SpaceX shares have fallen below the IPO price: market capitalization has lost the $2 trillion mark
The tumultuous debut of SpaceX (ticker SPCX) on the Nasdaq has turned into a swift disappointment for investors. Just a few days after its historic listing, the company's shares broke through the initial public offering price of $150, and its market capitalization fell below the psychologically important $2 trillion mark for the first time.
Crash after takeoff: from $225 to a loss of $2 trillion
SpaceX's IPO started at $135 per share, and on the first day of trading, June 12, the price soared to $150, giving it a market cap of about $75 billion — the largest debut in Nasdaq history. The euphoria continued, and on June 16, shares hit an intraday high of $225.64. However, a sharp correction followed. By Monday, the market cap was still hovering just above $2.22 trillion, but the collapse accelerated after the announcement of the company's first bond offering.
According to the terms, the senior bonds are expected to raise at least $20 billion. SpaceX will use the proceeds to repay a short-term loan and develop projects in AI and data centers. According to the latest data, the company holds approximately $100.8 billion in cash, making this move more strategic than forced.
Nevertheless, the market reacted negatively to the news. As a result, SPCX shares fell below the IPO starting price, and the market cap dropped under $2 trillion. The decline from the highs exceeded 30%, putting all those who bought on the open market at a loss.

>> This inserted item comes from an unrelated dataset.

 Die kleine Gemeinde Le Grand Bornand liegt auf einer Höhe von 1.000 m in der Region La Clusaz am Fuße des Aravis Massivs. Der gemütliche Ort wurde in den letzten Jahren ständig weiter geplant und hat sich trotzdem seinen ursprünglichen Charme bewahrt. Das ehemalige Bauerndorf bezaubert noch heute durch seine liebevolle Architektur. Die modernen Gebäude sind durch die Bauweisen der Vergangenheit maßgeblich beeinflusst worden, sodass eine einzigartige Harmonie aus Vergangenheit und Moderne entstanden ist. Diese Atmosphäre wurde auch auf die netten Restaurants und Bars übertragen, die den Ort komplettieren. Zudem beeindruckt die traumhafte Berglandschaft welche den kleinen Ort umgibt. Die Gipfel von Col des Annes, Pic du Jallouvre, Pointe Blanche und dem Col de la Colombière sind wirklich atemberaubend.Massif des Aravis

Five related assets under pressure
The sell-off in SpaceX has also affected related public space companies, but unevenly. Alphabet, which owns about 6% of SpaceX (a $900 million investment in 2015), shows the most stable exposure. With SpaceX valued at $2 trillion, this stake exceeds $100 billion. Alphabet's 5% drop on Monday was linked to the departure of key AI specialists, but the correlation with SPCX is evident.
Rocket Lab — the closest public competitor in launches, developing the Neutron rocket to rival the Falcon 9 — has fallen 8% since June 22, when it became the first dedicated space stock in the Nasdaq-100 index. The company's order backlog reached $2.2 billion last quarter.

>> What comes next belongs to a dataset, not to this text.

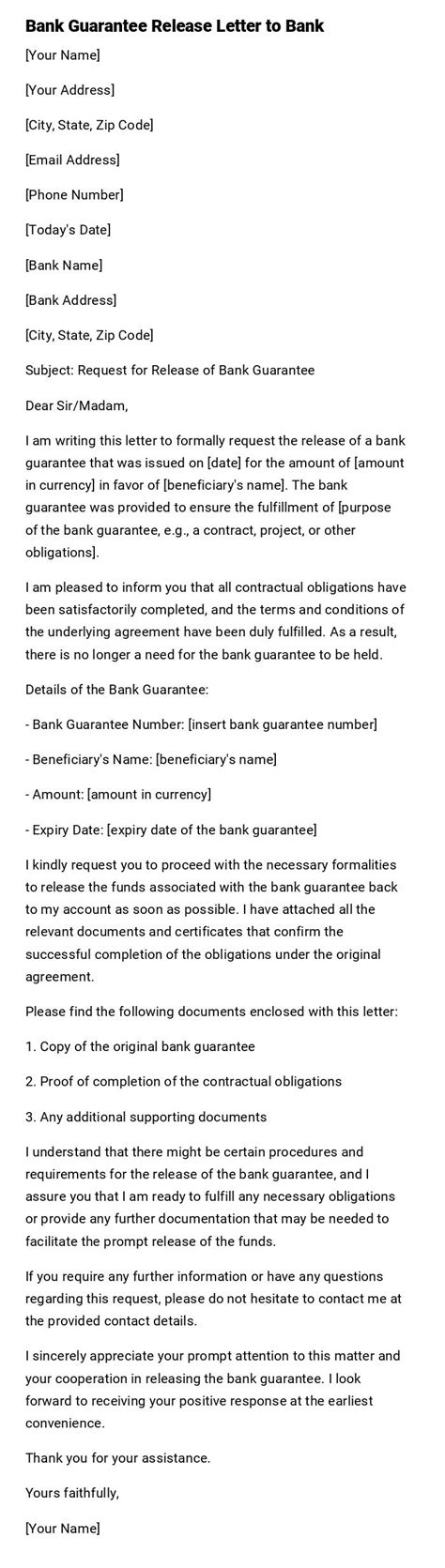 - Opening Paragraph: Briefly state your purpose – that you are requesting the release of the bank guarantee.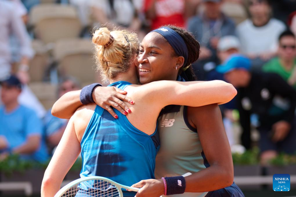 Coco Gauff (R)/Katerina Siniakova celebrate victory after the women's doubles 3rd round match between Wang Xinyu (China)/Shibahara Ena (Japan) and Coco Gauff (the United States)/Katerina Siniakova (Czech Republic) at the French Open tennis tournament at Roland Garros in Paris, France, June 4, 2024. (Xinhua/Meng Dingbo)

T-Mobile shares remained nearly unchanged. The Starlink partner for the T-Satellite project, with a beta coefficient of about 0.3, is seen more as a defensive asset. AST SpaceMobile and Intuitive Machines experienced the most pressure. ASTS shares — a direct competitor in satellite phone connectivity — have fallen by nearly a quarter over the past month. LUNR, which sends NASA landers on the Falcon 9 rocket, lost about a third of its value over the same period. Additional pressure comes from a plan to raise $500 million through a stock offering and rising short positions.
What's next: support or breakdown?
SpaceX remains a subject of fierce debate: is the company truly worth trillions, or is it a bubble? Susquehanna assigned a neutral rating with a target price of $170, noting high growth rates but an inflated valuation. The company expects explosive revenue growth by 2030, driven by launches, Starlink, and AI development.
In the coming sessions, it will become clear whether the $2 trillion level holds as support or if the market will go lower. The bond sale tests investor sentiment — growth has already declined by more than 30% from the highs. In any case, other participants in the space sector will continue to look to SPCX for direction.
Expert opinion: SpaceX's fall below the IPO price is a classic example of "buy the rumor, sell the fact." Fundamentally, the company is strong, but the current $2 trillion valuation leaves little room for error. Investors should wait for a more favorable entry point, given the risks of Starship delays and uncertainty over AI revenues.